The method Pt::Ssl::IOStream::import() does not read more data from the underlying std::iostream than in_avail() of it's std::streambuf indicates. It might decrypt only a part of the available data, if not all bytes could be imported into the buffer of the Pt::Ssl::IOStream. To drain the underlying stream, import() should be called in a loop. After calling import(), decrypted data may be available and can be processed. It is also possible that a shutdown alert was received, which can be checked for with isShutdown().

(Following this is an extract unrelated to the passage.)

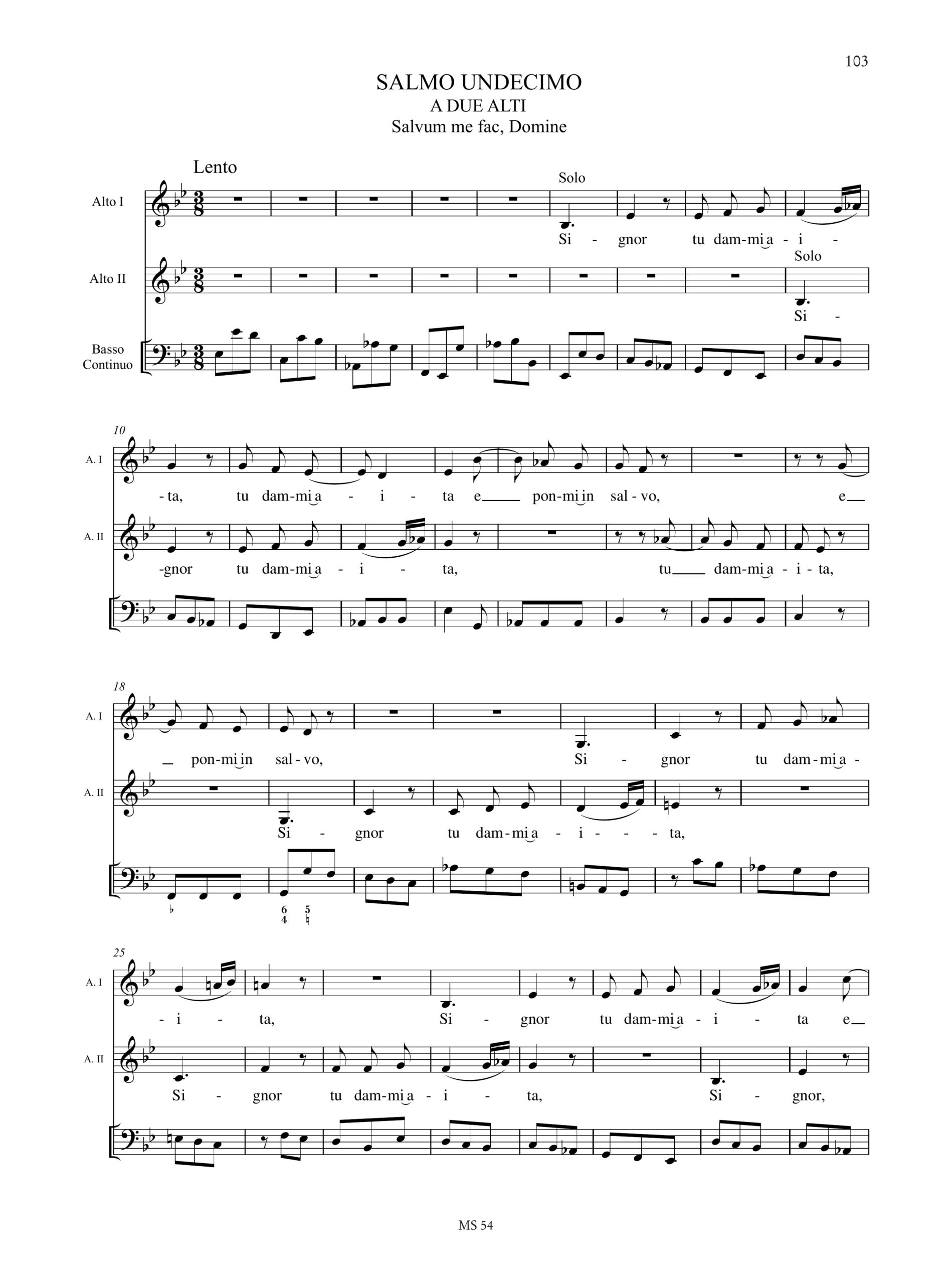 Contenuto e Descrizione: Salmo IX (Confitebor tibi Domine); Salmo X (In Domino Confido); Salmo XI (Salvum me fac, Domine); Salmo XII (Unsquequò Domine oblivisceris); Salmo XIII (Dixit insipiens in corde suo); Salmo XIV (Domine, quis habitabit)

Premature EOF has to be handled by the code that maintains the underlying std::iostream. When data is written to a Pt::Ssl::IOStream, it is encrypted and eventually written to the underying std::iostream.

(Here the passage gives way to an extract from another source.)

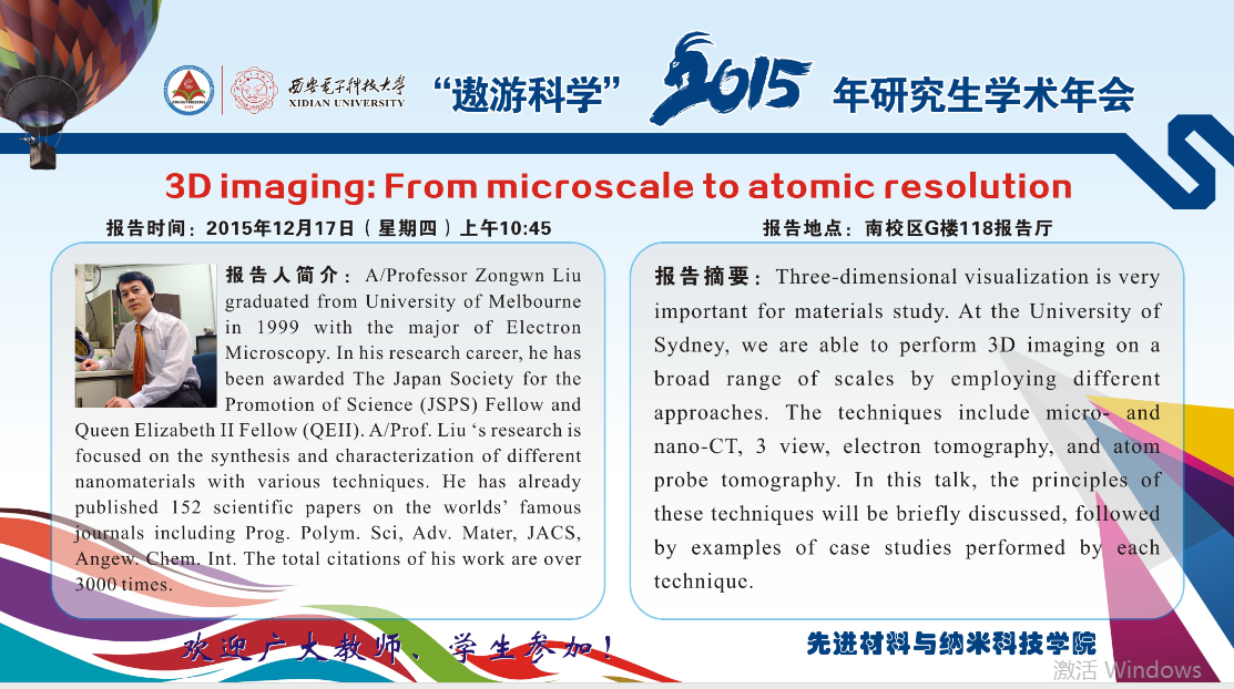 报告人简介:A/Professor Zongwen Liu graduated from University of Melbourne in 1999 with the major of Electron Microscopy. In his research career, he has been awarded The Japan Society for the Promotion of Science (JSPS) Fellow and Queen Elizabeth II Fellow (QEII). A/Prof. Liu ‘s research is focused on the synthesis and characterization of different nanomaterials with various techniques. He has already published 152 scientific papers on the worlds’ famous journals including Prog. Polym. Sci, Adv. Mater, JACS, Angew. Chem. Int. The total citations of his work are over 3000 times.

Pt::Ssl::IOStream& ssl = ...;
ssl << "pi is: " << 3.1415 ;
ssl.flush();

To make sure the encrypted data is completely written to the underlying stream, the Pt::Ssl::IOStream should be flushed. If not flushed, a part or all of the data might reside in the output buffer area. The API inherited from std::ostream can be used to flush the stream, that is std::ostream::flush or the stream manipulators std::flush and std::endl. The code that provided the underlying stream then has to transfer the data to the peer. This works well with the Pt::System::IOStream as the underlying stream, which only buffers the data written to it. When a limit is reached, the data can be written asynchronously making room for more encrypted data.

Connection Shutdown

A connection shutdown alert can be initiated by either peer and the method Pt::Ssl::IOStream::isShutdown() indicates that the connection is shutting down. If a shutdown alert is received during a read operation, Pt::Ssl::IOStream::shutdown() will write the shutdown acknowledge to the underlying stream and return true. This data still needs to be sent to the peer then, but from the perspective of the Pt::Ssl::IOStream, the connection is considered closed and isShutdown() no longer returns true. If shutdown() is called to initiate a shutdown, the shutdown alert is written to the underlying std::iostream and needs to be sent to the peer. When the shutdown acknowledgement becomes available in the underlying std::iostream, shutdown() must be called again to consume it, which will return true if the shutdown acknowledge is complete.